Tracking issue #27783 is the tracking issue for the alloc crate and, historically, some other crates. Although I could not find much discussion of that, I believe it has been kept unstable so far because of uncertainty of what the eventual desired crate structure for the standard library is, given infinite time and resources.

In particular, should we have a single crate with some mechanism for selectively disabling or enabling some of the crates components, depending on which runtime dependencies are available in targeted environments?

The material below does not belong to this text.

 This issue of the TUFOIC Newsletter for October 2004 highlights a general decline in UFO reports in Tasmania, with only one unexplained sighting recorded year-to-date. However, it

In that world, the no_std attribute and standard library crates other than std would be unnecessary.

By stabilizing the alloc crate, we commit to having it and its public API exist “forever”.

Rationale and alternatives

Single-crate standard library

The core and the no_std attribute are already stable, so in a sense its already too late for the “pure” version of the vision described above where std really is the only standard library crate that exists.

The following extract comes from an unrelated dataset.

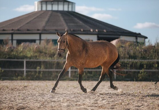Буланая андалузская кобыла 2020г.р, в/х165см, растёт. Крупная, широкая на хороших движениях. Красивая голова с лёгкой горбинкой. Качественное выращивание на хорошем сене и кормах, живёт в табуне с многочасовым выгулом. В регулярном тренинге по системе Equi Flow, готовится к заездке, обучается трюкам. Испанские документы.
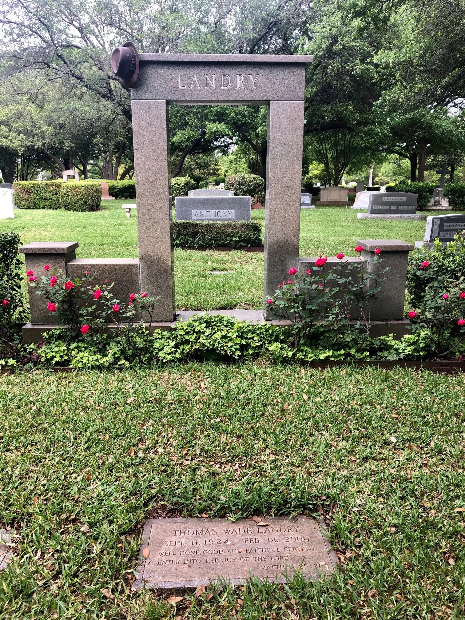 Landry was laid to rest on the east end of the cemetery near NorthPark Center under a monument marked “Landry.” A sculpted fedora hangs from one of its corners.

It may still be desirable to regroup the standard library into one crate, and it is probably still possible. The core crate could be replaced with a set of pub use reexport to maintain compatibility with existing users. Whatever the eventual status for core is, we can do the same for alloc. PR #51569 mentioned above also hopes to make this easier.

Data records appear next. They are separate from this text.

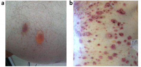 El PA es una enfermedad ampollosa autoinmune de la que desconoce asociación con algún gen HLA. Las lesiones son vesículas tensas, grandes, en extremidades (cara interna de muslos y áreas de flexión de brazos y piernas), zona inguinal, axilas, abdomen y cuello (2). Puede presentar erupción prodrómica pre-ampollosa con máculas eritematosas, pápulas, placas urticariformes y lesiones eccematosas. Estas vesículas permanecen intactas, no se deforman bajo presión y su ruptura produce erosiones que evolucionan a costras.
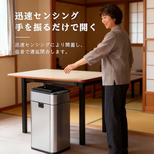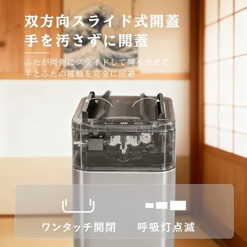 【ハンズフリー自動開閉で衛生快適】赤外線センサー搭載で、手をかざすだけで蓋が素早く滑らかに自動開閉。手が汚れていても触らずに使え、衛生的かつ便利。手動モードも備え、使用シーンに応じて切り替え可。蓋の汚れや指紋も減り、キッチンやリビングなど清潔重視の空間に最適。家庭用として、衛生・快適・手間なし操作を求める方におすすめ。
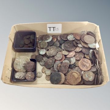 A box of ancient coins
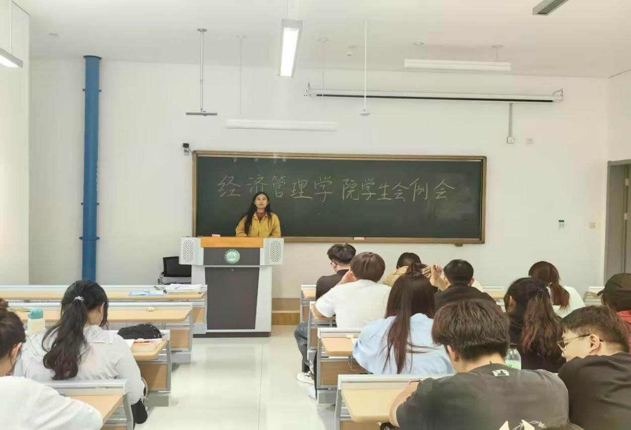 为加强学生会内部建设,确保新学期各项工作顺利开展。近日,我院于文法西楼B105教室召开经济管理学院学生会工作例会,会议由学生会轮值主席张紫嫣主持,全体学生会成员参与本次会议。

While we want to leave the possibility open for it, at the time of this writing there are no concrete plans for implementing such a standard library crates unification any time soon. So the only alternative to this RFC seems to be leaving heap allocation for no_std in unstable limbo for the foreseeable future.

Require randomness

PR #51569 proposed adding a source of randomness to the other requirements made by the alloc crate. This would allow moving std::collections::hash_map::RandomState, and therefore HashMap (which has RandomState as a default type parameter), into alloc.

This RFC chooses not to do this because it would make it difficult to use for example Vec<T> in environments where a source of randomness is not easily available.

I hope that the language will eventually make it possible to have HashMap in alloc without a default hasher type parameter, and have the same type in std with its current default.

Although I am not necessarily in favor of continuing the increase of the number of crates in the standard library, another solution for HashMap in no_std might be another intermediate crate that depends on alloc and adds the randomness source requirement.

Additionally, with this RFC it should be possible to make https://crates.io/crates/hashmap_core compatible with Stable Rust. The downside of that crate is that although based on a copy of the same code, it is a different type incompatible in the type system with std::collections::HashMap.

Prior art

I am not aware of a mechanism similar to no_std in another programming language.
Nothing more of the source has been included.